● PROBLEM TO WORK ON
Of all the lines below, output only those starting at the one with "However, there are" and ending at the one with "- Para la ensalada", both ends included, exactly as written.

● DATASET EXTRACT
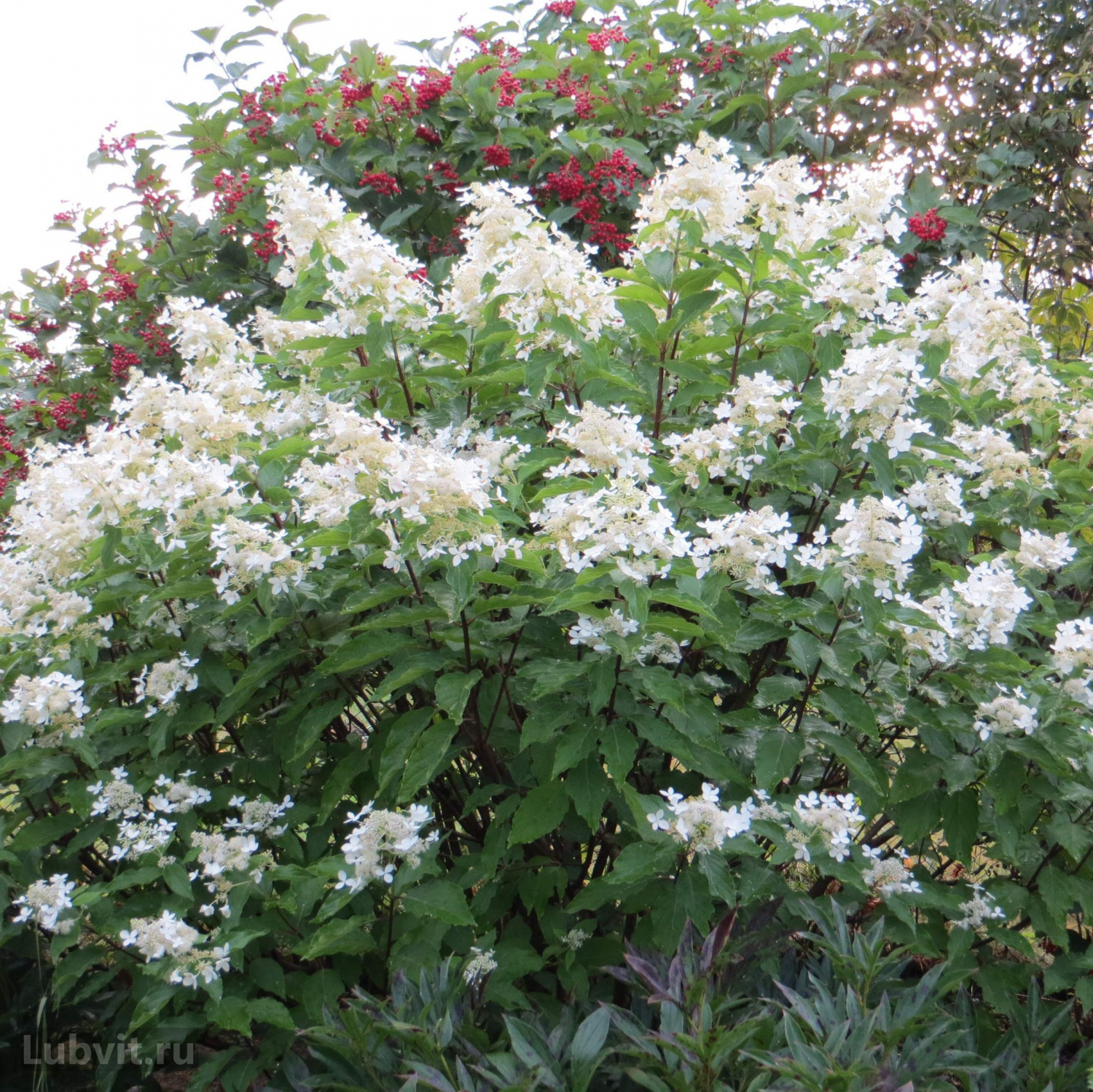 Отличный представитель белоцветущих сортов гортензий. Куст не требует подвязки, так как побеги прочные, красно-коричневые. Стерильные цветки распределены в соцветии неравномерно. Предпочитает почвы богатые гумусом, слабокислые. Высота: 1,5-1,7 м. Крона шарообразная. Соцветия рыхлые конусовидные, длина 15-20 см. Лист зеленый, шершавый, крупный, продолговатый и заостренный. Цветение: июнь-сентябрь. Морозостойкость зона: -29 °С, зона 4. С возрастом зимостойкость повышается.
* * *
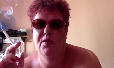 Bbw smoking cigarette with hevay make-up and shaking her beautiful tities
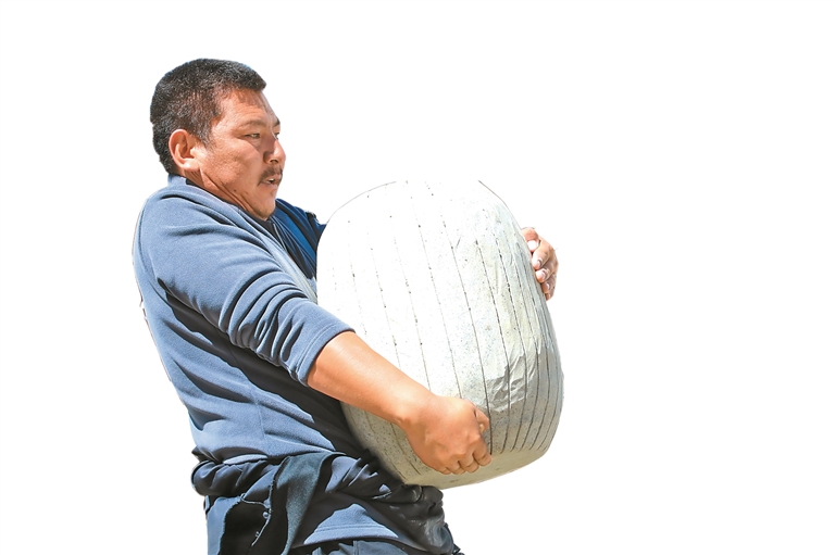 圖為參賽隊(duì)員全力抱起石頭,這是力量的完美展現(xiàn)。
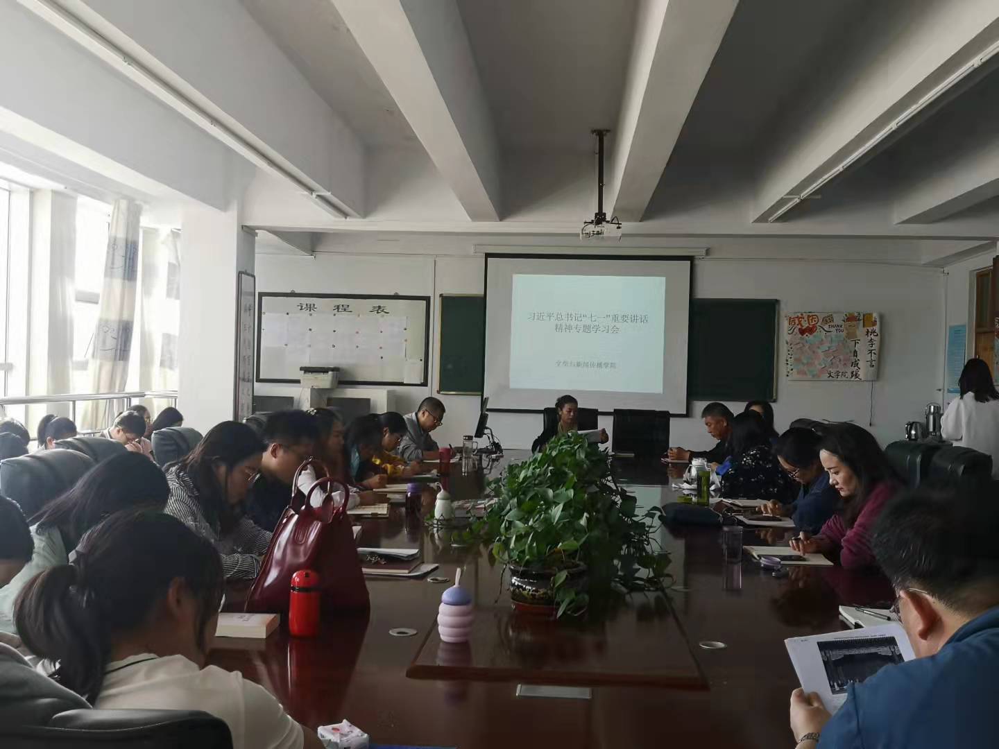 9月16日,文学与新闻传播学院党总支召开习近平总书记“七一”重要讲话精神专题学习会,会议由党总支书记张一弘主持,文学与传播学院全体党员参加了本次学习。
--
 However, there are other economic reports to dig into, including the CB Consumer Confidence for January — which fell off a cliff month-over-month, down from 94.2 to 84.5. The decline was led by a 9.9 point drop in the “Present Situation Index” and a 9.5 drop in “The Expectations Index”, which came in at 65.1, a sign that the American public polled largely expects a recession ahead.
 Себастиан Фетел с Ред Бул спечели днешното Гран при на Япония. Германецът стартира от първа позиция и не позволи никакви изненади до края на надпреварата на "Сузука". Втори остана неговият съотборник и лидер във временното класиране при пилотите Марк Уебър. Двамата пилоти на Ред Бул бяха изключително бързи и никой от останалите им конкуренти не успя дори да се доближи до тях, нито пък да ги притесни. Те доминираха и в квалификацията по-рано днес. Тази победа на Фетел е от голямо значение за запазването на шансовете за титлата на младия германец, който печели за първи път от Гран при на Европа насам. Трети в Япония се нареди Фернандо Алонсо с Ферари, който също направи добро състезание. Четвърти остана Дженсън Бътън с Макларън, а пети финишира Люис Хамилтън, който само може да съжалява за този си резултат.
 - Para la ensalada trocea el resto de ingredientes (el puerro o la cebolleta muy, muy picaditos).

● RESPONSE TO THE TASK
 However, there are other economic reports to dig into, including the CB Consumer Confidence for January — which fell off a cliff month-over-month, down from 94.2 to 84.5. The decline was led by a 9.9 point drop in the “Present Situation Index” and a 9.5 drop in “The Expectations Index”, which came in at 65.1, a sign that the American public polled largely expects a recession ahead.
 Себастиан Фетел с Ред Бул спечели днешното Гран при на Япония. Германецът стартира от първа позиция и не позволи никакви изненади до края на надпреварата на "Сузука". Втори остана неговият съотборник и лидер във временното класиране при пилотите Марк Уебър. Двамата пилоти на Ред Бул бяха изключително бързи и никой от останалите им конкуренти не успя дори да се доближи до тях, нито пък да ги притесни. Те доминираха и в квалификацията по-рано днес. Тази победа на Фетел е от голямо значение за запазването на шансовете за титлата на младия германец, който печели за първи път от Гран при на Европа насам. Трети в Япония се нареди Фернандо Алонсо с Ферари, който също направи добро състезание. Четвърти остана Дженсън Бътън с Макларън, а пети финишира Люис Хамилтън, който само може да съжалява за този си резултат.
 - Para la ensalada trocea el resto de ingredientes (el puerro o la cebolleta muy, muy picaditos).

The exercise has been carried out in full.